# Highest you've ever jumped?



## northwesten (Apr 28, 2012)

The Highest I have ever jumped was many years ago when I was in College and that was 5'5. Now that because the horse looked after me as I was at the limit of my experience.. Jumped it twice and after that couple of years later started competing at average 4'5.. Now well I haven't been jumping for 5 years so I guess 3 or 3'5 with confidence.


----------



## LostDragonflyWings (Feb 1, 2012)

Before my 16 yr old TB was injured and retired, we got up to a little over 3'. Now I have a 3 year old that won't be jumping for a while, but I hope to (and plan to, permitting he is able/comfortable with it) go higher. My goal is at least 4'.


----------



## Allison Finch (Oct 21, 2009)

The highest I can PROVE by photo is close to 6'










However, I have gone close to 7.


----------



## pinkbrushboots (Dec 27, 2012)

The highest I have ever jumped was 4' on my 12.3 Welsh/ Quarter pony! It was awesome


----------



## princecharming (Dec 2, 2011)

3'9 on my pony!


----------



## Fulford15 (Oct 17, 2012)

4'6 on a PMU rescue my friend & I rehabilitated and trained, he's an amazing jumper! The highest I have shown is 3'9


----------



## Ripplewind (Mar 22, 2012)

3'6", but my horse could jump 4' with his previous owner, and he has enough potential to go even higher.

I've only shown to 2'6", though. Only because that was the highest any of the classes went for the Association. I will be showing around three feet this spring, though. I look forward to it!


----------



## Almond Joy (Dec 4, 2011)

A 1ft crossrail :/ Oh well, its fun for me, eventually I'll go higher!!!


----------



## toosexy4myspotz (Oct 7, 2007)

Allison Finch said:


> The highest I can PROVE by photo is close to 6'
> 
> 
> 
> ...


I think this is just crazy!!!! I dont jump unless there is a log or ditch in my way and certainly not that high. LoL I think some of the pictures you have jumping are amazing.


----------



## BlooBabe (Jul 7, 2012)

The highest I've ever jumped is 5. I'm hesitant to go much higher because the idea of going over a jump that's as tall as me or level with my horse's back is a little terrifying. In his heyday my horse used to jump 5 ft fences but the most I've ever asked him to do is 2-2.6. We have done 3.6 but it was a downed tree and it was completely unexpected. He took it like a pro, I thought I was going to have a heart attack.


----------



## verona1016 (Jul 3, 2011)

I've been preparing my horse (on the ground) for jumping for the last month and a half and finally had our first jumping lesson last night. He had never jumped under saddle, and I hadn't jumped in 3 or 4 years, and only tiny jumps back then. Here's the combination we accomplished (under saddle!) by the end of the lesson:








I'm so ridiculously proud of him


----------



## Ninjarider (Jan 12, 2013)

3'5  it isnt especially high but i was very proud of myself and my pony, more my pony he did all the hard work i just set him up, he could've gone higher but i thought i'd end it on a good note and call it a day


----------



## DuffyDuck (Sep 27, 2011)

I had someone bet me my dressage school master couldn't jump.

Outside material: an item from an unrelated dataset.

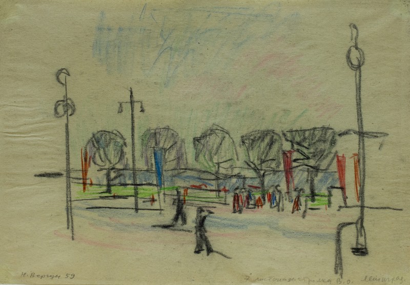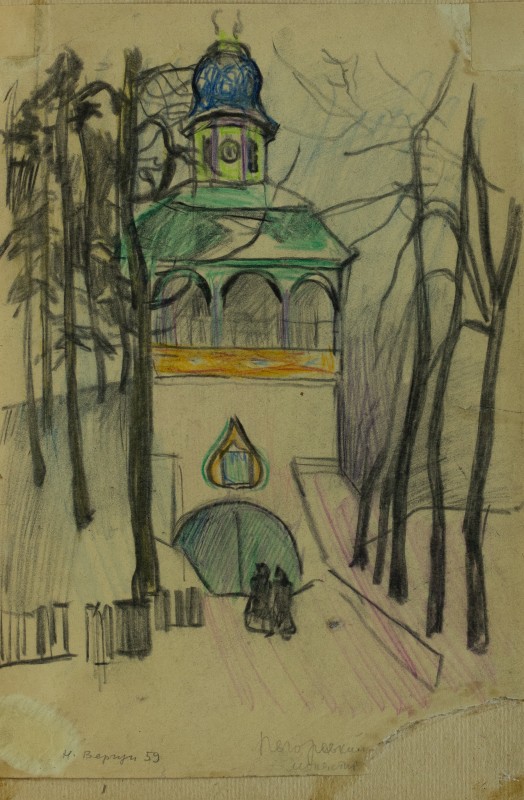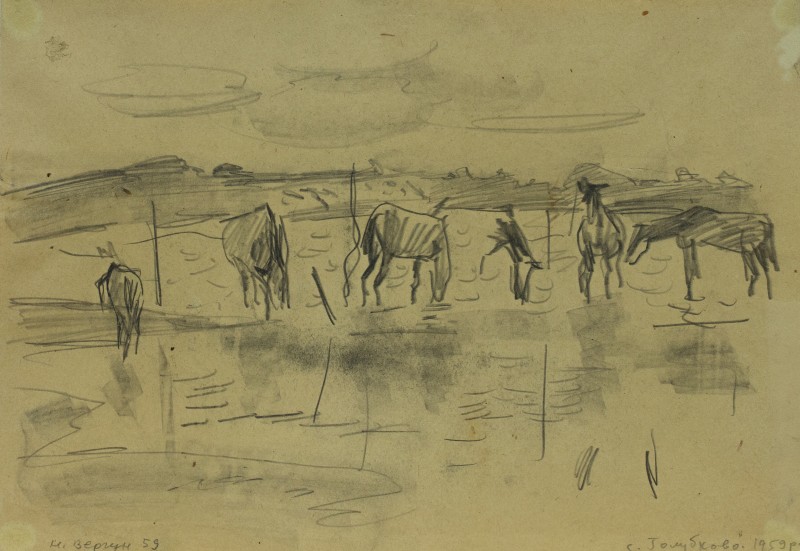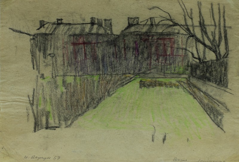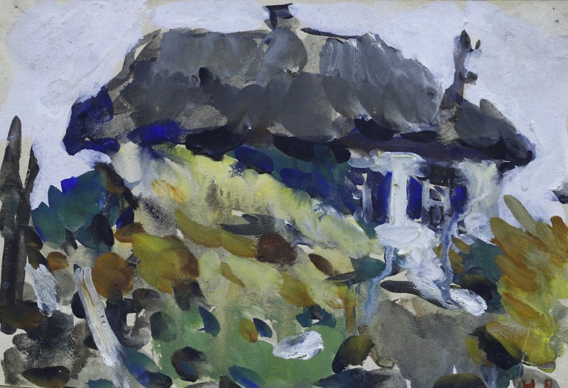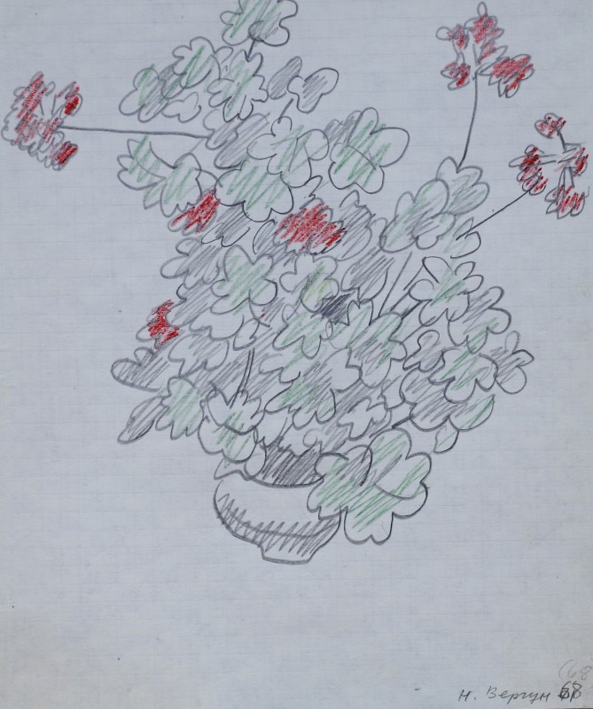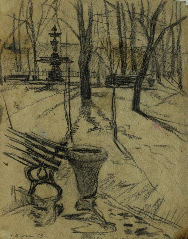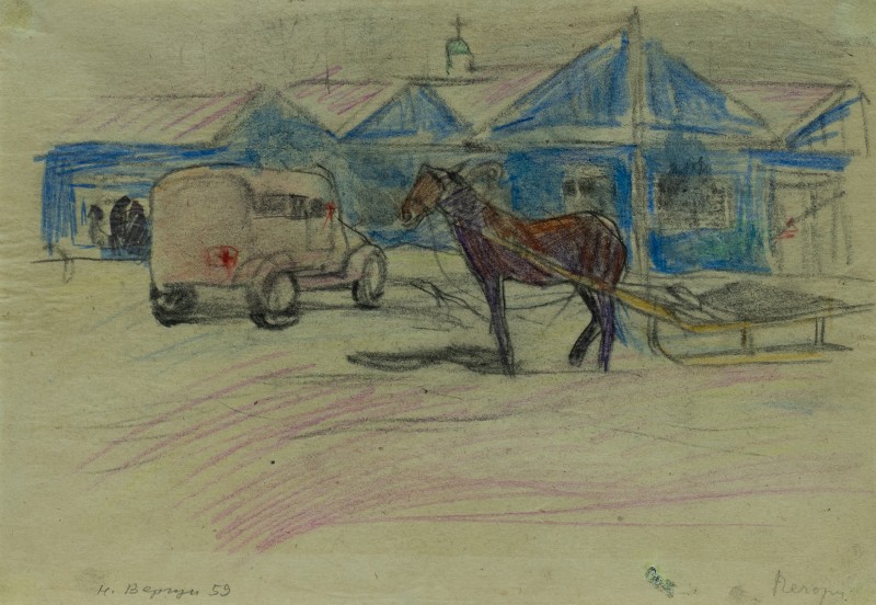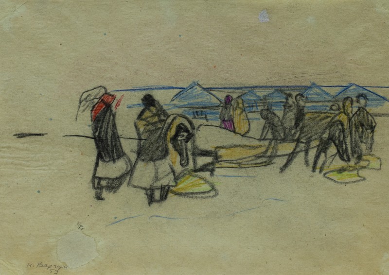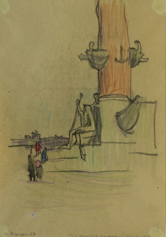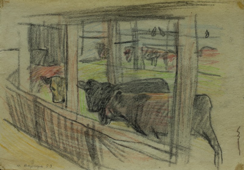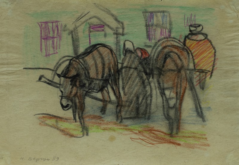 На тлі поля в центрі анфас зображення старої баби у довгій спідниці, фуфайці, хустці, яка сидить по-турецьки зібравши ноги та чистить ножем буряки. Угорі ліворуч начерк рук з ножем та буряком.

So I threw him over a couple of crosses, and then jumped a 3'6..1m10. He was rubbish at it, but he did it, and a course of it too. Poor fella! But, dressage horses can jump


----------



## NBEventer (Sep 15, 2012)

Highest I have jumped is 6'3 on my old Dutch Warmblood. Sadly the photos were on my old laptop that got broken in a move and we couldn't retreive the pictures or anything else for that matter *sigh* 

Highest I have competed is 4'6.

Highest I school and compete in the last couple of years is 3'6.


----------



## JumpingJiminy (May 2, 2012)

My boy and I are still in training. xD But we've gone up to 3'6/3'9.


----------



## TupeloHoney (Nov 5, 2009)

I believe the highest I have jumped is about 4ft although I have only ever shown up to 3'6.


----------



## ElaineLighten (Jan 1, 2012)

2 foot haha!
I'm new to it


----------



## Tiffany01 (Apr 21, 2007)

2'9ft but it was a mistake.


----------



## JustWingIt (Jul 29, 2012)

Me and my little 14.3 (on a good day) wonder horse did 3'9" the other day in our lesson! It was great!


----------



## xeventer17 (Jan 26, 2009)

Allison Finch said:


> The highest I can PROVE by photo is close to 6'
> 
> 
> 
> ...



Your leg makes me insanely jealous, Allison. I've been working on my legs for years and it hasn't been until recently (after a solid 6 months of almost entirely dressage work) that I don't feel like my legs are flying behind me in the wind (that might be a slight exaggeration).... but even so, they certainly don't look like yours!

The highest I've ever jumped was about 4'3" (topped out our standards), but I was young and stupid and should not have been jumping that high. I was lucky enough to be riding and old point and shoot schoolmaster and a few of us decided to play 'Chase Me Charlie'. Needless to say we got a talking to once our trainer found out ;]

The highest I've actually trained at is 3'6", and recently no higher than 2'6", as I fell in love with an older quarter horse with no previous english training and way too much spunk. Also, until last week, I had no arena or jumps to use.


----------



## Hang on Fi (Sep 22, 2007)

Highest I've jumped is about 4'3" on a 14.1hh mare, it was awesome! I have no desire to go any higher lol.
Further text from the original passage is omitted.